- [Information supplied]
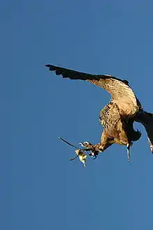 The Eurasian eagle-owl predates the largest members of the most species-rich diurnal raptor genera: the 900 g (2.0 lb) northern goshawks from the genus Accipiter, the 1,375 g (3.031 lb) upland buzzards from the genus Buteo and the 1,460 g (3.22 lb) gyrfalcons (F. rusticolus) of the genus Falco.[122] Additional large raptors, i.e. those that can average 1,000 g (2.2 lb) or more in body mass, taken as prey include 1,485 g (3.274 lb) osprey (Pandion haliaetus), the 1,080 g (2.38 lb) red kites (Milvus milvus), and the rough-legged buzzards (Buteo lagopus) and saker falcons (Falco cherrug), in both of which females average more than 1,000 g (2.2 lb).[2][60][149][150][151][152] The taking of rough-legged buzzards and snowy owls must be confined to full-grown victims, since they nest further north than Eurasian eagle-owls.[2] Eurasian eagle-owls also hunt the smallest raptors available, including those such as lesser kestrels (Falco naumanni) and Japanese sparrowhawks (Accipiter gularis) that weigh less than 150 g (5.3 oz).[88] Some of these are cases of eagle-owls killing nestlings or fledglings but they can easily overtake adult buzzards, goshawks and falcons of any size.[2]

==

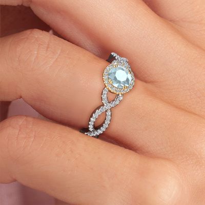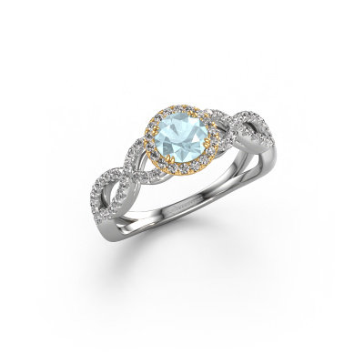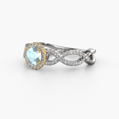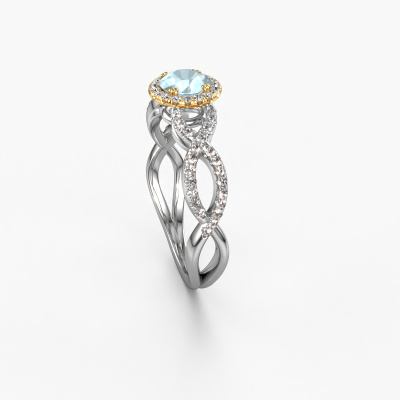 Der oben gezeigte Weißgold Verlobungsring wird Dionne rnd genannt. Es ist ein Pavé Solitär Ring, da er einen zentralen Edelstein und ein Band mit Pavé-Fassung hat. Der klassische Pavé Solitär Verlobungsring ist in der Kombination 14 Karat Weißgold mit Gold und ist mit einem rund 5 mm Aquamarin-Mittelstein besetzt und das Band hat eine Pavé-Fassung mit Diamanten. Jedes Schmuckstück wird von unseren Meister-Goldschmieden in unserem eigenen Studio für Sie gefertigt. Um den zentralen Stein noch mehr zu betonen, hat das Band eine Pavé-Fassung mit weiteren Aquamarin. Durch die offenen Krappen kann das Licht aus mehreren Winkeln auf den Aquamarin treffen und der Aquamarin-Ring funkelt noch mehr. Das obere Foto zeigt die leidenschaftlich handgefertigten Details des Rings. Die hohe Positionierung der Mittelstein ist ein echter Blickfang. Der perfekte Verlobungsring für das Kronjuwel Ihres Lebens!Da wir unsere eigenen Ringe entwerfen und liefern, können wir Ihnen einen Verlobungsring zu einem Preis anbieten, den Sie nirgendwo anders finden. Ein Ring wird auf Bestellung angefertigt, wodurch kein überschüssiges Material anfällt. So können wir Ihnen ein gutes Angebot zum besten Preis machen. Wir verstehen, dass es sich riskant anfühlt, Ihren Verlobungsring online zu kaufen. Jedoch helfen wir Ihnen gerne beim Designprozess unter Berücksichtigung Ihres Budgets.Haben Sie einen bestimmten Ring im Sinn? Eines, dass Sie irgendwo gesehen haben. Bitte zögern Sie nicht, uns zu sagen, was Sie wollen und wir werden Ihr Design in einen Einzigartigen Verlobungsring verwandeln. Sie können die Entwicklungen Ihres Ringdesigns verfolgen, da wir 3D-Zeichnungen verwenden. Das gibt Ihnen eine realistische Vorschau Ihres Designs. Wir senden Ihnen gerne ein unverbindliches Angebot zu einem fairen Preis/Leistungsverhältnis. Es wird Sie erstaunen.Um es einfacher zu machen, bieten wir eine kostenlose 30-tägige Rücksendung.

---

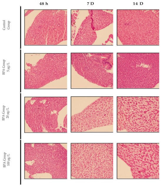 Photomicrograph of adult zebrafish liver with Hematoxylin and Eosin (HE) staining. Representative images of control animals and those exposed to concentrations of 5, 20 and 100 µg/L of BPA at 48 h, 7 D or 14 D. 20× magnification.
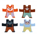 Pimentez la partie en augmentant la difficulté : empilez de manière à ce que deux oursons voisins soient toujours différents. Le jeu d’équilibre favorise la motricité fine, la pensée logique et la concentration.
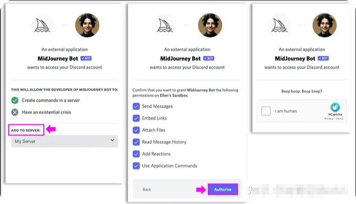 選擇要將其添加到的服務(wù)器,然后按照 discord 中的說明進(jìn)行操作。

- [What is being asked] Only the lines above from the one with "Pimentez la partie" to the one with "選擇要將其添加到的服務(wù)器,然后按照 discord 中的說明進(jìn)行操作。" should be printed, both included and exactly as written; no picture belongs in the copy.

- [Task answer]
 Pimentez la partie en augmentant la difficulté : empilez de manière à ce que deux oursons voisins soient toujours différents. Le jeu d’équilibre favorise la motricité fine, la pensée logique et la concentration.
 選擇要將其添加到的服務(wù)器,然后按照 discord 中的說明進(jìn)行操作。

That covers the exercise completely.